── Records for this task

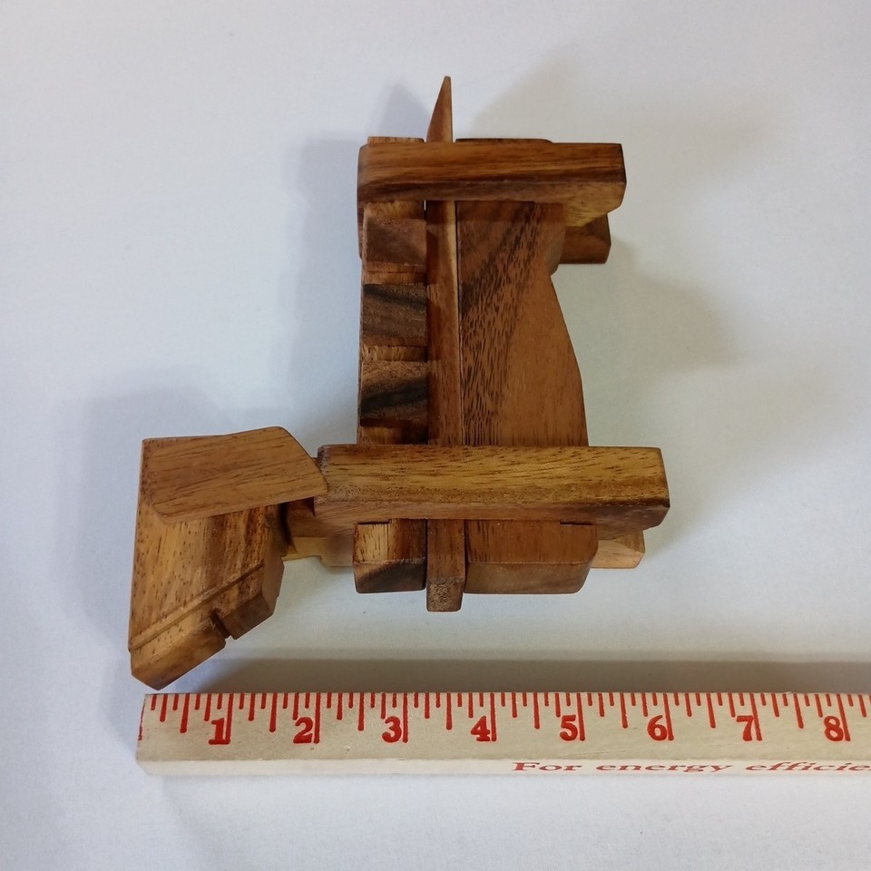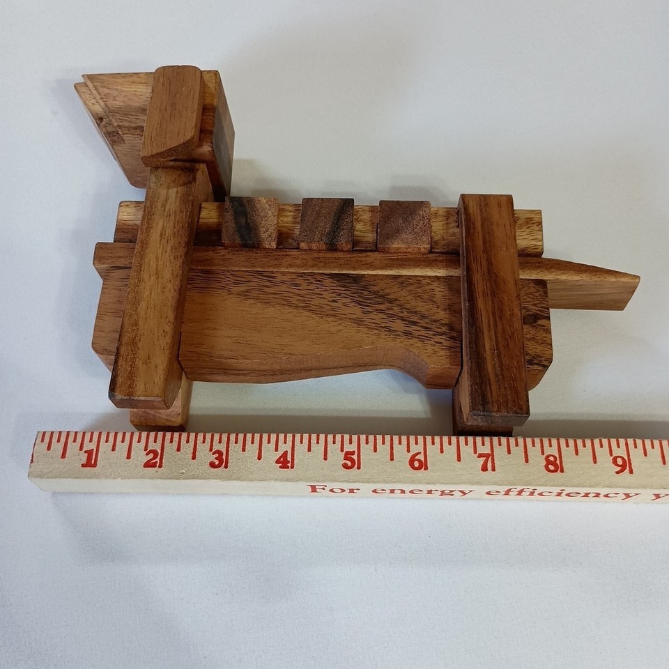 The Dog Puzzle is a 3D wooden brain teaser that features 8 solid natural wood pieces, each shaped like a piece of a dog. The puzzle is a desk toy that challenges the brain and promotes relaxation at the same time. The brown wooden pieces are intricately designed to create a visually appealing and engaging toy for anyone who enjoys puzzles and animal-themed items. With its unique design and high-quality materials, this puzzle is sure to provide hours of entertainment and entertainment. Normal wear. Sizes are approximate.
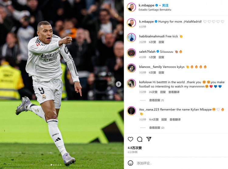 姆巴佩在賽后同社媒曬出自己進球后的慶祝照并配文:“渴望贏得更多!馬德里前進!”
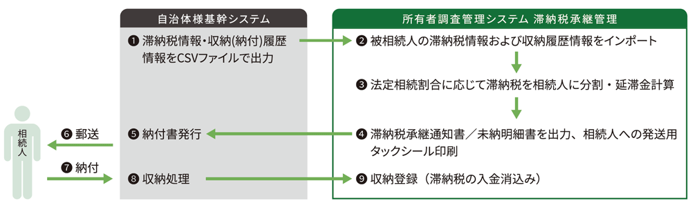基幹システムから被相続人の滞納税情報/収納履歴情報をCSVファイルで出力し、所有者調査システムにインポートします。
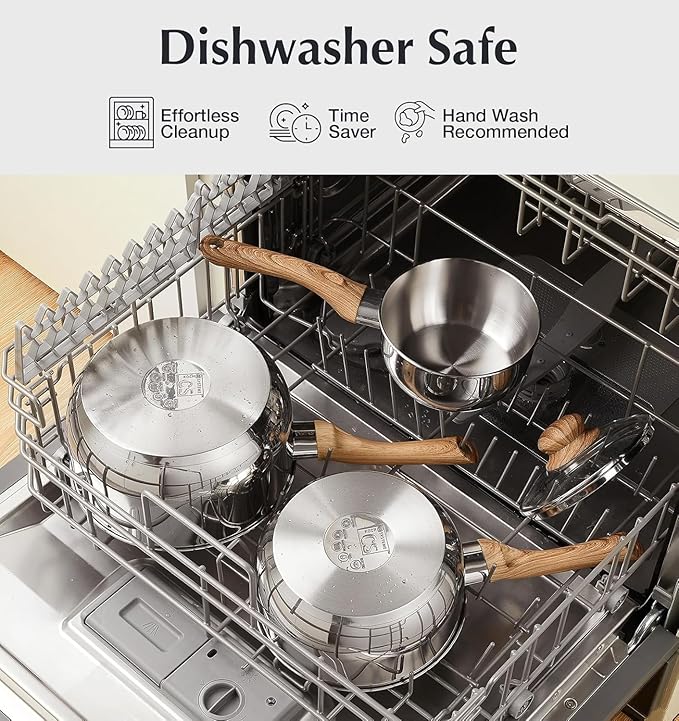 - Premium Stainless Steel Construction: The stainless steel saucepan set is expertly crafted from 18/10 stainless steel for rapid heating. Its non-reactive cooking surface preserves natural flavors, guaranteeing consistently delicious culinary outcomes.
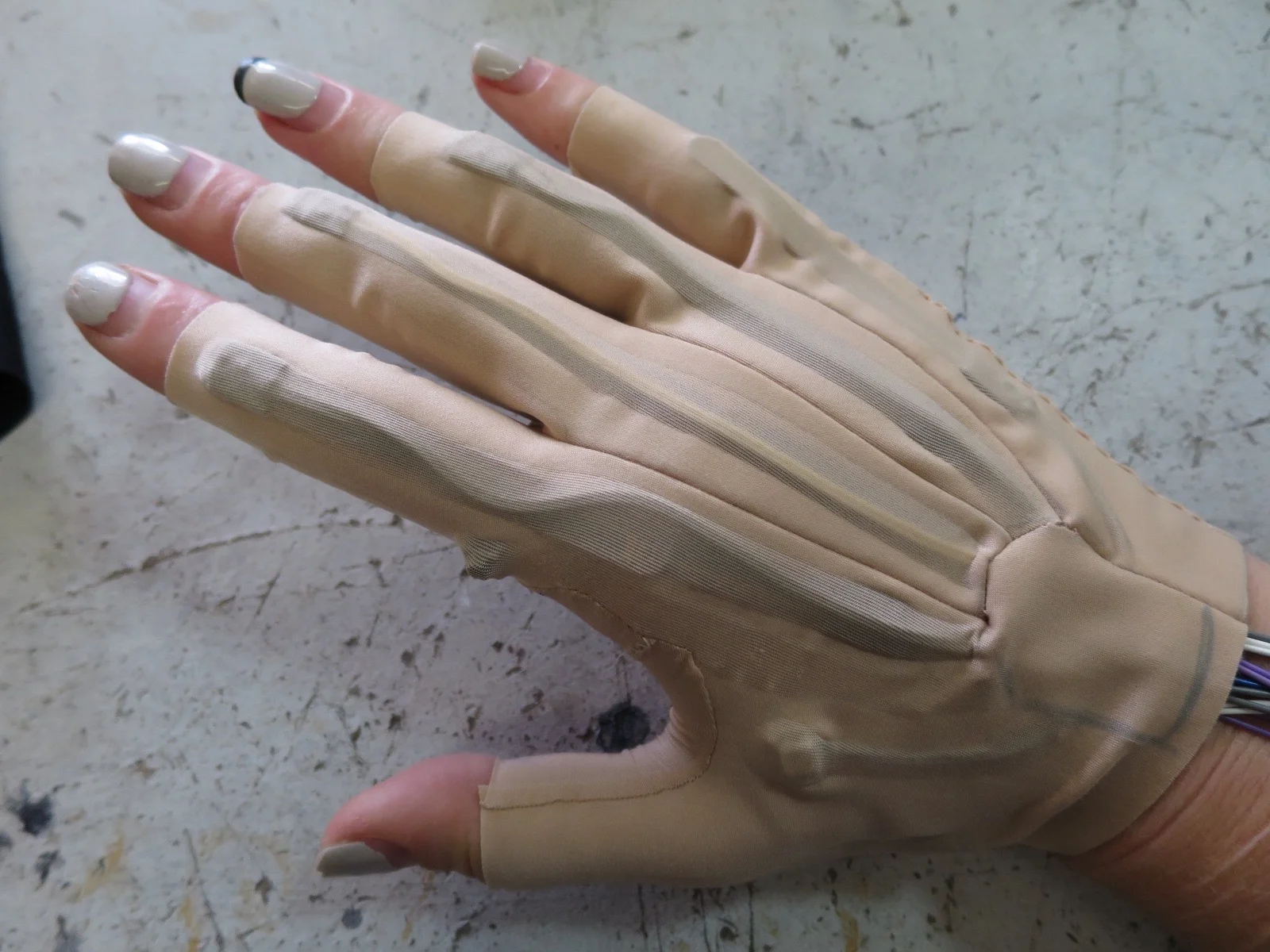 The V.3 design update removes the longer textile traces on the fingers, replacing them with wires to increase longevity while maintaining primary design features: softness and comfort. The hard/soft connection to the wired circuit [a soldered and stitched wire loop] moves from the back of the hand to the back of the fingertip, the extended wires now encased between two super-fine layers of fabric, and can be seen snaking along on the back of the fingers. Extra length is added for strain relief but the soft silicone wiring is imperceptible to the wearer.

────

Task to complete:
Retype all of the material above precisely as it reads. Pictures are not part of the copy.

Response:
 The Dog Puzzle is a 3D wooden brain teaser that features 8 solid natural wood pieces, each shaped like a piece of a dog. The puzzle is a desk toy that challenges the brain and promotes relaxation at the same time. The brown wooden pieces are intricately designed to create a visually appealing and engaging toy for anyone who enjoys puzzles and animal-themed items. With its unique design and high-quality materials, this puzzle is sure to provide hours of entertainment and entertainment. Normal wear. Sizes are approximate.
 姆巴佩在賽后同社媒曬出自己進球后的慶祝照并配文:“渴望贏得更多!馬德里前進!”
基幹システムから被相続人の滞納税情報/収納履歴情報をCSVファイルで出力し、所有者調査システムにインポートします。
 - Premium Stainless Steel Construction: The stainless steel saucepan set is expertly crafted from 18/10 stainless steel for rapid heating. Its non-reactive cooking surface preserves natural flavors, guaranteeing consistently delicious culinary outcomes.
 The V.3 design update removes the longer textile traces on the fingers, replacing them with wires to increase longevity while maintaining primary design features: softness and comfort. The hard/soft connection to the wired circuit [a soldered and stitched wire loop] moves from the back of the hand to the back of the fingertip, the extended wires now encased between two super-fine layers of fabric, and can be seen snaking along on the back of the fingers. Extra length is added for strain relief but the soft silicone wiring is imperceptible to the wearer.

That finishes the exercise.